Last year, a French nuclear-powered submarine was badly destroyed by fire and was rescued from the scrapyard by chopping it in half and welding the salvageable half to a decommissioned submarine.
According to the French Defense Ministry, an intense 14-hour-long accidental fire on the attack submarine Perle while it was in dry dock for repairs last June rendered the front portion of the boat unusable. Steel parts were structurally damaged and could not be fixed.
During the fire at a shipyard in Toulon, southern France, the rear half of the 241-foot-long (73-meter) submarine, which has a displacement of 2,600 tons, was not affected.
Fortunately for the French navy, one of the Perle’s sister ships, the Saphir, had been withdrawn from service in 2019 and was being dismantled at a shipyard in Cherbourg, in the northwest.
The Saphir’s front section was structurally sound, so French officials decided it could be mated with the Perle’s rear section to create a single operational attack submarine.
In December, a semi-submersible ship transported the damaged Perle from Toulon to Cherbourg. According to a news release from French shipbuilder Naval Group, workers cut the Perle in half in February and the Saphir in half in March.
The back half of the Perle and the front half of the Saphir were placed on “walkers” at the Cherbourg shipyard at the beginning of this month so they could be carefully aligned and then welded together, according to a Naval Group statement. The joining work will be done in the coming months, according to Naval Group spokesperson Klara Nadaradjane.
The resulting submarine, still known as the Perle, would be about four-and-a-half feet (1.4 meters) longer than any of its predecessors to accommodate a “junction area” where miles of cables and pipes will be spliced together, according to the press release.

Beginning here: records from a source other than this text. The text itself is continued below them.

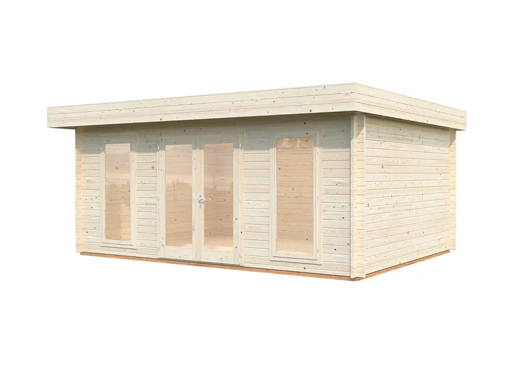 Die Wandstärke von 44 mm sorgt für gute Stabilität und Langlebigkeit. Dank der Bohlenstärke ist das Gartenhaus im Winter frostsicher, und im Sommer hat es gute wärmeisolierende Eigenschaften, was es zu einem perfekten Übernachtungsort für Gäste macht. Auch Pflanzen können in diesem Gartenhaus problemlos überwintern.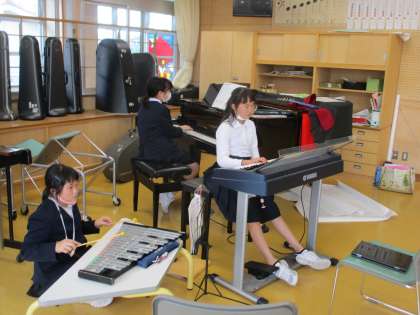 音楽科では、リコーダーや打楽器などを用いて演奏の練習をしています。今後予定されている岩瀬タイムで披露するので、今後も頑張っていきます。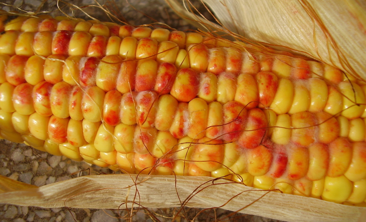 Obr. 5: Bělorůžová hniloba obilek kukuřice (fuzariózy kukuřice) v klasu kukuřice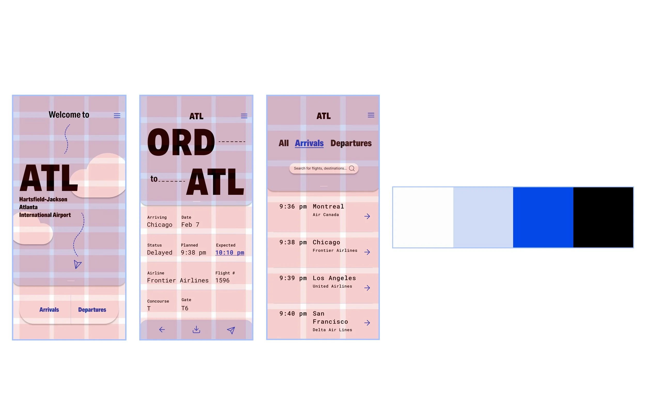 I continued critiquing the organization of information and applying a color scheme. I wanted to keep the color palette simple and calming. I tried using a monochrome with whites and blacks with use of color only for specific flight information. I felt it was not enough for a brand identity system so I decided on white, black, and a selection of blues.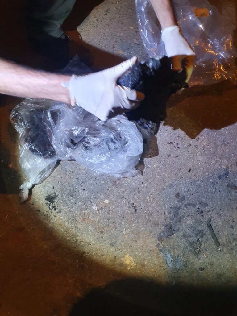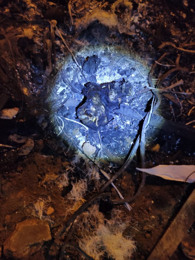 Na cena do crime, os policiais encontraram alguns restos mortais da vítima: um fragmento da coluna vertebral e um fêmur.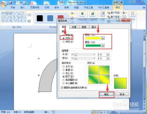 选择渐变下的双色,将颜色1设为黄色,颜色2设为绿色,底纹样式设为斜下,按确定;

New living quarters will be built in the junction area, giving the crew of 70 submariners a little more room. Before being attempted onboard the submarine, all of this work will be practiced using a three-dimensional digital model, according to Naval Group. According to the study, the mission entails 100,000 hours of engineering research and 250,000 hours of industrial work by 300 people.
According to Nadaradjane, industry regulations prevent the company from providing a cost estimate for the operation. The Perle, commissioned in 1993, was the most recent of the French fleet’s six Rubis-class nuclear submarines. The Saphir, the class’s second boat, was launched in 1984 and served for 35 years before being decommissioned.
The new Barracuda nuclear-powered submarines, the first of which, the Suffren, was delivered to the French navy in November, would replace the Rubis-class submarines in the coming years. According to Naval Group, the sixth Barracuda sub isn’t expected to join the fleet until 2030, so the half-and-half Perle would be needed to maintain French attack submarine numbers at the required six.
The new Perle is scheduled to be transferred back to Toulon late this year for further technical work and enhancements to its battle systems before joining the French fleet in early 2023, according to Franck Ferrer, programs director for Naval Group’s Services Division.
“Carrying out this type of project in these circumstances, i.e. repair work that involves joining the fore and aft ends of two sister ships, is of course a first in the modern history of Naval Group,” Ferrer said.
But it’s not the first of its kind.
“The United States Navy did something similar to that when it replaced the bow of the damaged USS San Francisco, which ran aground on a seamount near Guam in 2005, with the bow of USS Honolulu, which was slated to be retired,” said Thomas Shugart, a retired US Navy attack submarine commander.
And, he said, these types of repairs are preferable to starting from scratch.
“For sure it would be a lot of work, but probably a lot less than building a whole new submarine,” said Shugart, now a fellow at the Center for a New American Security.
According to Shugart, new submarine design is exactly the same as what the French are doing in the Cherbourg shipyard right now.
“All new-construction US submarines are now built using modular construction, which is essentially putting pieces of submarine together, though clearly in a more planned-for fashion than in the case of this repaired French submarine,” he said.